▶ **YOUR OBJECTIVE**:
Please output the lines from the one with "The C M Ross" through the end of the data exactly as written, omitting all pictures.

▶ **RECORDED INFORMATION**:
Segment Open

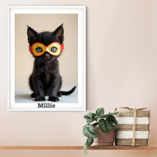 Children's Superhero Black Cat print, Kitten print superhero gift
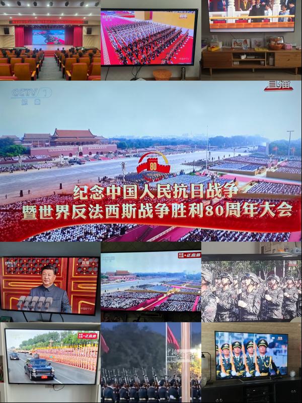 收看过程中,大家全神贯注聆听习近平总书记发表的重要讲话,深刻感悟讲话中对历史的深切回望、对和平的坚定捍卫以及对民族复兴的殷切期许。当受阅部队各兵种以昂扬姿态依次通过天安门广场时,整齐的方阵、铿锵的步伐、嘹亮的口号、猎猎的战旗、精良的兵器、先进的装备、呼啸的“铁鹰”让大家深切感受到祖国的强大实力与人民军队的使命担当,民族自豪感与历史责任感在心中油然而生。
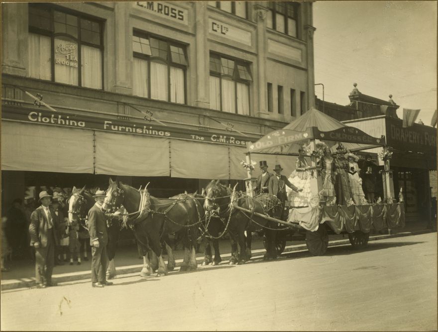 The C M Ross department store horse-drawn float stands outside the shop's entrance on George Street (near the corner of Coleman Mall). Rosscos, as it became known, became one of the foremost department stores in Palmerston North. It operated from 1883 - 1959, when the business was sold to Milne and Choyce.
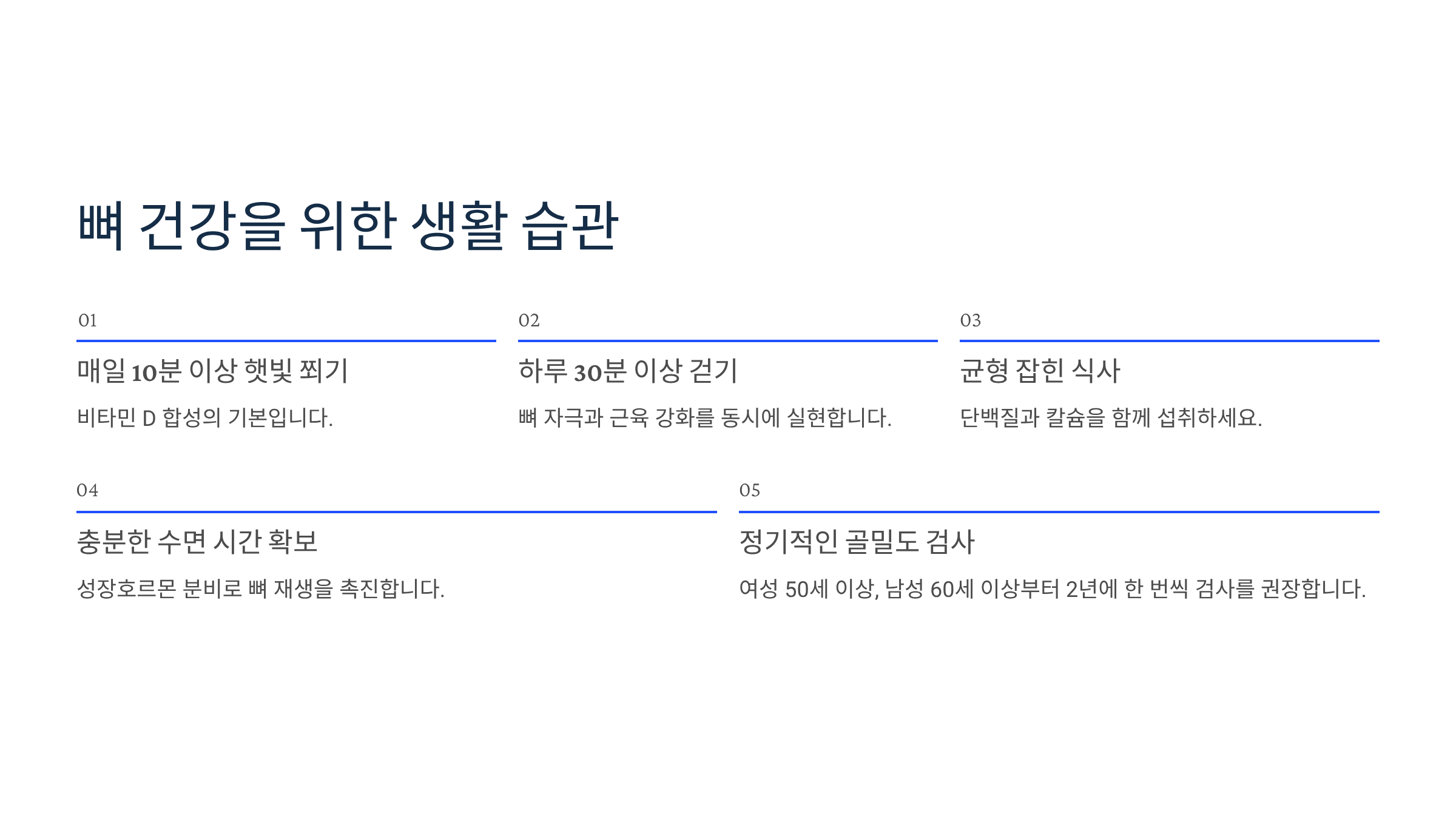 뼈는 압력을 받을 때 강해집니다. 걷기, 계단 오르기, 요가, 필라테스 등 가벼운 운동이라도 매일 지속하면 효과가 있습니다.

Segment Closed

▶ **OUTPUT BELOW**:
 The C M Ross department store horse-drawn float stands outside the shop's entrance on George Street (near the corner of Coleman Mall). Rosscos, as it became known, became one of the foremost department stores in Palmerston North. It operated from 1883 - 1959, when the business was sold to Milne and Choyce.
 뼈는 압력을 받을 때 강해집니다. 걷기, 계단 오르기, 요가, 필라테스 등 가벼운 운동이라도 매일 지속하면 효과가 있습니다.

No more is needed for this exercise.